Denève’s interpretation of the first movement—“Mars, the Bringer of War”—was essentially a microcosm of everything he and the orchestra did that was so right. The tempo was brisk, creating the proper sense of mindless urgency, but dynamics were carefully modulated, and orchestral details were clearly articulated, so there was a sense that doom was merely being held back. When the first big orchestral crash came up, the impact was cataclysmic.  

"The Planets" curtain call

There was also a plethora of pristine renderings of the many wonderful instrumental solo bits that Holst’s score provides in abundance. That includes (but, as usual, is not limited to) Principal Horn Roger Kaza’s delicate opening solo in “Venus, the Bringer of Peace” as well rest of his section in “Jupiter, the Bringer of Jollity”; the quicksilver woodwinds, Allegra Lilly and Megan Stout’s harps, and Peter Henderson’s celesta in “Mercury, the Winged Messenger”; Phil Ross’s mournful bass oboe in “Saturn, the Bringer of Old Age”; the bassoons under Andrew Cuneo, musically thumbing their noses at the pretentions of “Uranus, the Magician;” and multiple appearances by Concertmaster David Halen and Principal Oboe Jelena Dirks.

And then there were the final moments of “Neptune, the Mystic.” The score calls for a wordless women’s chorus "to be placed in an adjoining room, the door of which is to be left open until the last bar of the piece, when it is to be slowly and silently closed." The final bar of the music, for voices alone, is "to be repeated until the sound is lost in the distance." Denève achieved that by (as far as I can tell) placing the singers on the orchestra level in back of the audience—presumably in the lobby if he was following Holst’s instructions.

Wherever they were, it worked. Seemingly coming from everywhere and nowhere (although probably from the main lobby), the voices faded so imperceptibly that it was hard to tell when they stopped singing. In my mind, they still are.

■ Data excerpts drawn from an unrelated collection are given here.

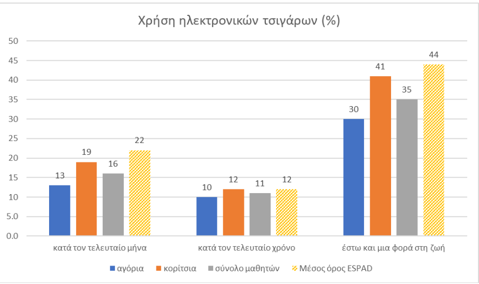 Εκεί που φαίνεται η Κύπρος να ξεπερνά τον μέσο όρο της έρευνας είναι στην καθημερινή χρήση του ηλεκτρονικού τσιγάρου. Από την άλλη, παρατηρείται σταθεροποίηση στα χαμηλά επίπεδα καπνίσματος συμβατικού τσιγάρου. Μάλιστα, το ποσοστό των μαθητών που ανέφεραν κάπνισμα κατά τις τελευταίες 30 μέρες εξακολουθεί να βρίσκεται κάτω από τον μέσο όρο της ESPAD.
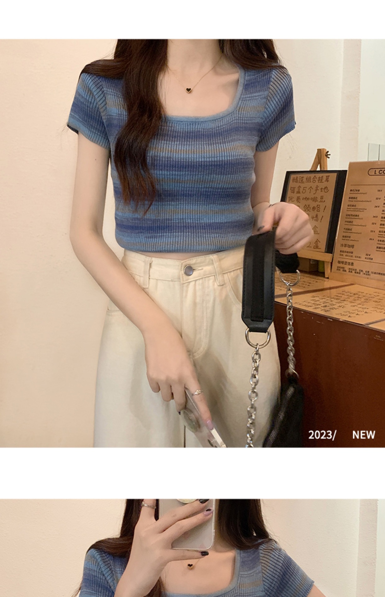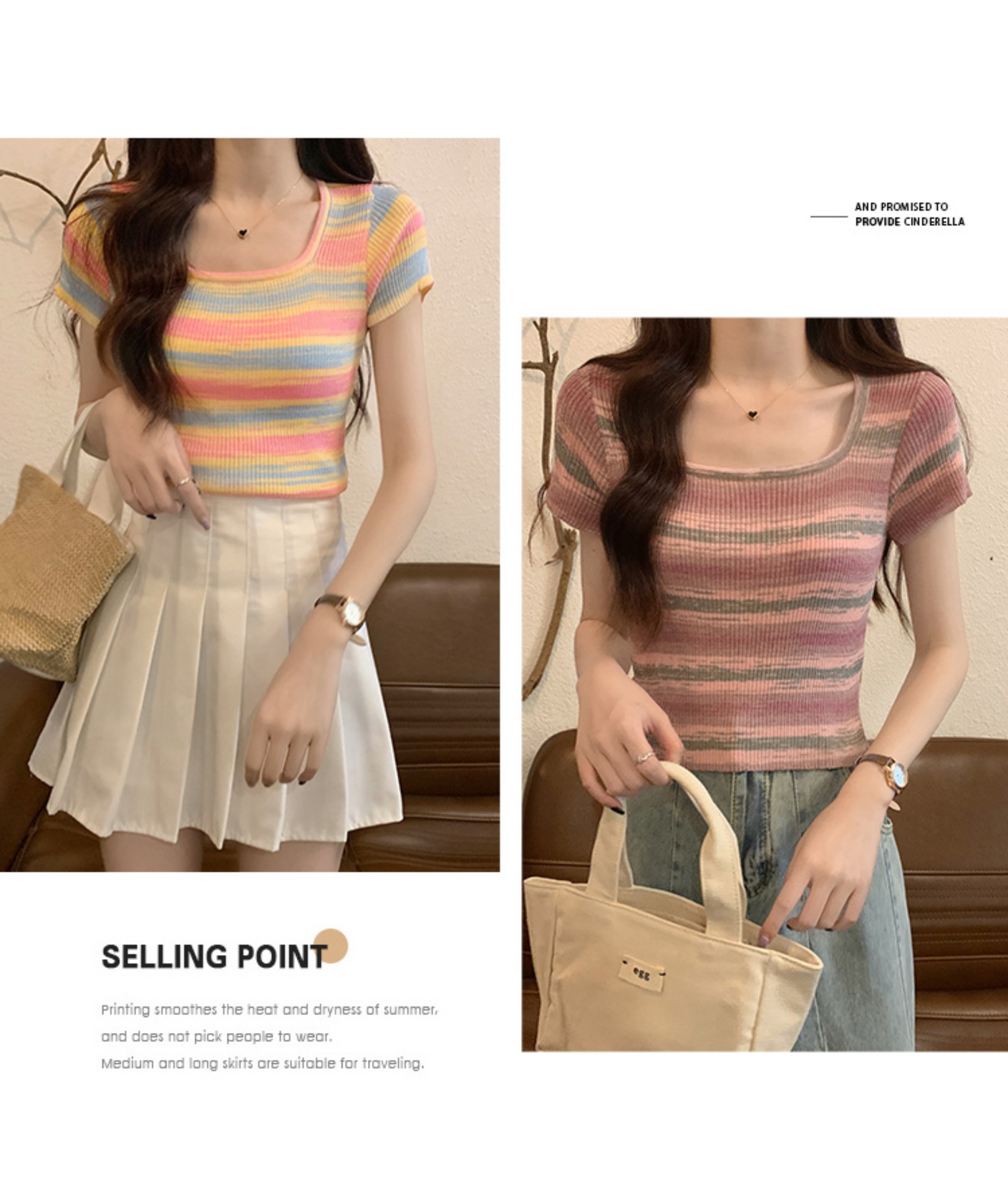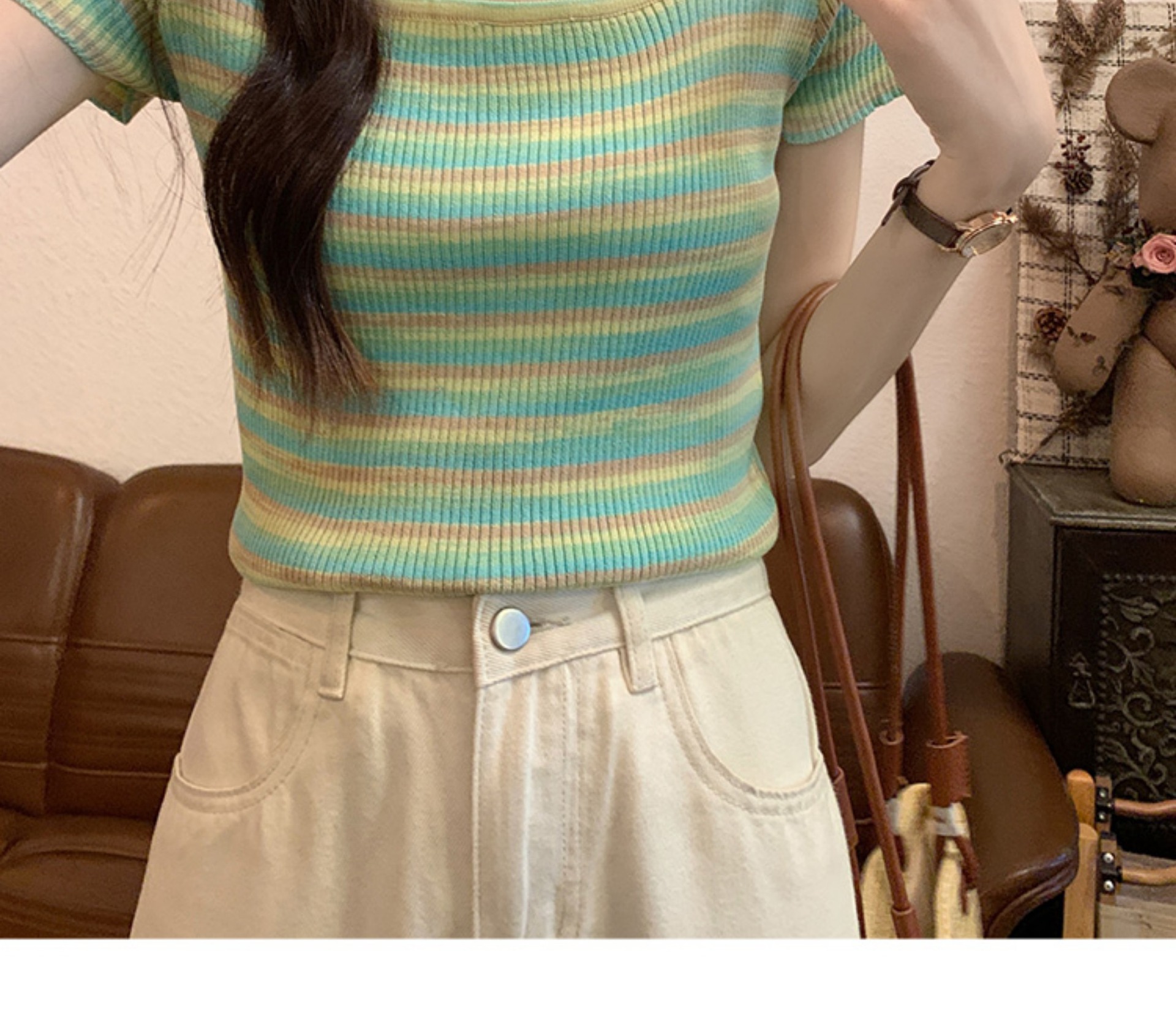 디자인 센스 스퀘어 칼라 스트라이프 반팔 스웨터 여성 티셔츠 얇은 여름 2025 새로운 어깨 슬리밍 쇼트 탑스토어 가기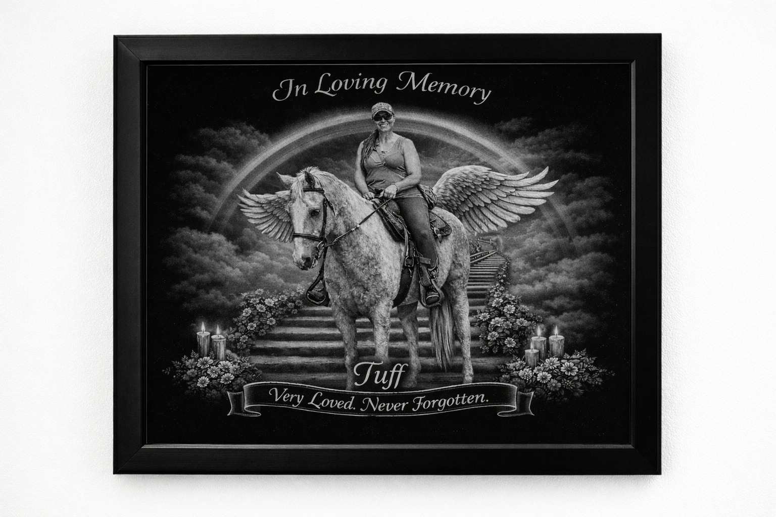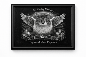 This 8×10 custom memorial comes professionally framed, ready to display as a heartfelt keepsake in your home.

Next at Powell Hall: Conductor Xian Zhang and pianist George Li make their St. Louis Symphony Orchestra debuts performing the overture to Rossini’s opera “L'Italiana in Algeri,” Rachmaninoff’s “Rhapsody on a Theme of Paganini,” and Respighi’s “Fountains of Rome” and “Pines of Rome”. Performances are Saturday at 8 pm and Sunday at 3 pm, October 26 and 27. The Saturday concert will be broadcast live on St. Louis Public Radio and Classic 107.3.